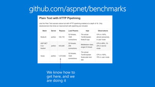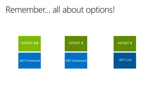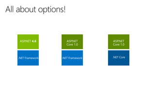 The document discusses .NET Framework 4.6 and .NET Core 1.0. .NET Framework 4.6 provides a full-featured .NET implementation for Windows, while .NET Core 1.0 provides a cross-platform implementation of .NET developed in an open source manner. Both frameworks include innovations like the next generation JIT compiler RyuJIT and SIMD, as well as shared runtime components, compilers, and libraries. ASP.NET Core 1.0 introduces a modular, cross-platform version of ASP.NET that is optimized for server and cloud workloads and allows easier transition from on-premises to cloud applications.
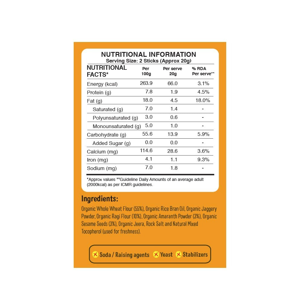 Organic Wheat Flour (54.4%), Organic Rice Bran Oil (15%), Organic Jaggery Powder (13%), Organic Ragi Flour (10%), Organic Amaranth (3%), Organic Sesame Seeds (3%), Organic Jeera (1%), Rock Salt, Natural Mixed Tocopherol (used for freshness)
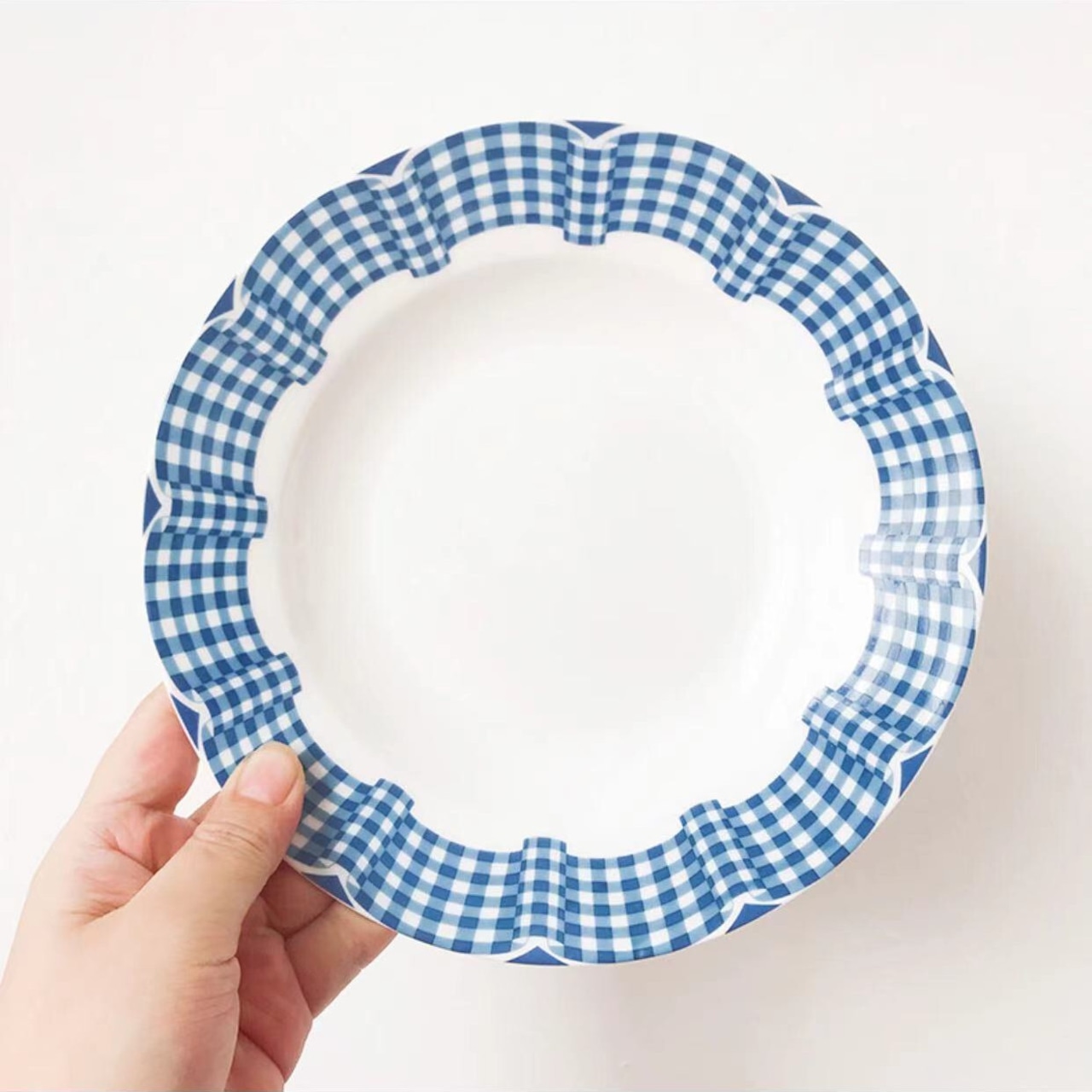 ★送料無料★韓国風 チェック柄プレート お皿 プレート デザートプレート 韓国お皿 アンティーク風 韓国雑貨

**Exercise prompt:**
Exact copy required, pictures excluded: the lines from the one holding "Organic Wheat Flour" through the last line of the data, both ends included.

**Finished task:**
 Organic Wheat Flour (54.4%), Organic Rice Bran Oil (15%), Organic Jaggery Powder (13%), Organic Ragi Flour (10%), Organic Amaranth (3%), Organic Sesame Seeds (3%), Organic Jeera (1%), Rock Salt, Natural Mixed Tocopherol (used for freshness)
 ★送料無料★韓国風 チェック柄プレート お皿 プレート デザートプレート 韓国お皿 アンティーク風 韓国雑貨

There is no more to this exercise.